- Born: 28 February 1916 Madras, British India
- Died: 5 July 1977 (aged 61) Madras, India
- Occupation: journalist
- Children: N. Ram, N. Ravi, N. Murali

= G. Narasimhan =

Indian journalist (1916–1977)

Gopalan Narasimhan (28 February 1916 – 5 July 1977) was an Indian journalist and entrepreneur who served as the Managing Director of The Hindu from 1959 until his death in 1977. He was a grandson of S. Kasturi Ranga Iyengar, the patriarch of the family that owns The Hindu.

== Early life ==

Narasimhan was born in Madras on 28 February 1916 to K. Gopalan and Rangayanaki. Gopalan was the son of S. Kasturi Ranga Iyengar and younger brother of K. Srinivasan. Narasimhan's younger brother is G. Kasturi who served as Editor of The Hindu from 1965 to 1991.

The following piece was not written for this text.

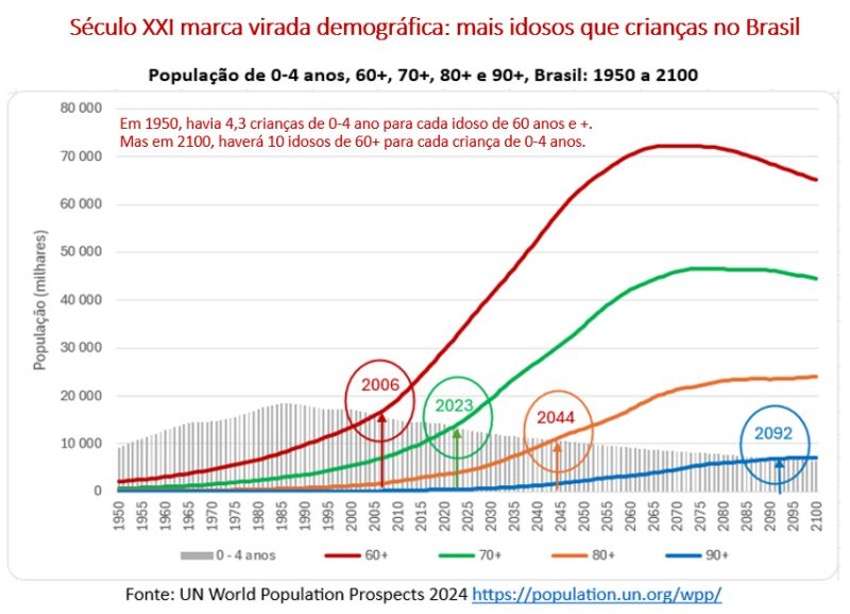 O envelhecimento em números foi destaque comum em todas as manchetes dos grandes jornais do país. Ou seja, não dá mais para não olhar para esse grande fenômeno chamado envelhecimento. Nosso colaborador, o demógrafo José Eustáquio Diniz Alves vem apontando isso nestes últimos anos aqui no Portal do Envelhecimento. Inclusive, no II Congresso Internacional Envelhecer com Futuro, realizado no final de outubro dentro do Fórum São Paulo da Longevidade, ele palestrou a respeito. Segundo ele, sem dúvida essa é a maior mudança da dinâmica demográfica brasileira no século XXI e pode ser analisada de inúmeras maneiras. Ele, inclusive, postou na sua rede do Linkedin alguns de seus artigos publicados no Portal sobre o tema e um gráfico(que reproduzimos abaixo) mostrando a virada demográfica. Esse gráfico, por si só, é um alerta que exige a atenção de todos os setores da sociedade.

Narasimhan graduated from the Presidency College, Madras and joined The Hindu at an early age. He was the Manager of The Hindu from 1937 to 1959. On the death of his uncle K. Srinivasan in 1959, Narasimhan became the Managing-Director.

==Career ==

Narasimhan served as Managing Director of The Hindu from 1959 to 1977. He also served as the President of the Indian and Eastern Newspapers Society (INS) during 1956-57, Chairman of the Audit Bureau of Circulations of India from 1955 to 1959, Press Institute of India and was the Director of the Press Foundation of Asia.

His eldest son N. Ram was the Managing-Director of The Hindu since 1977 and its Editor-in-Chief since 27 June 2003 until 18 January 2012, while his youngest son N. Ravi (b. 1948) served as the Editor-in-chief of The Hindu (1991-2003).

== Death ==
Narasimhan died of a heart attack at Madras on 5 July 1977, aged 61.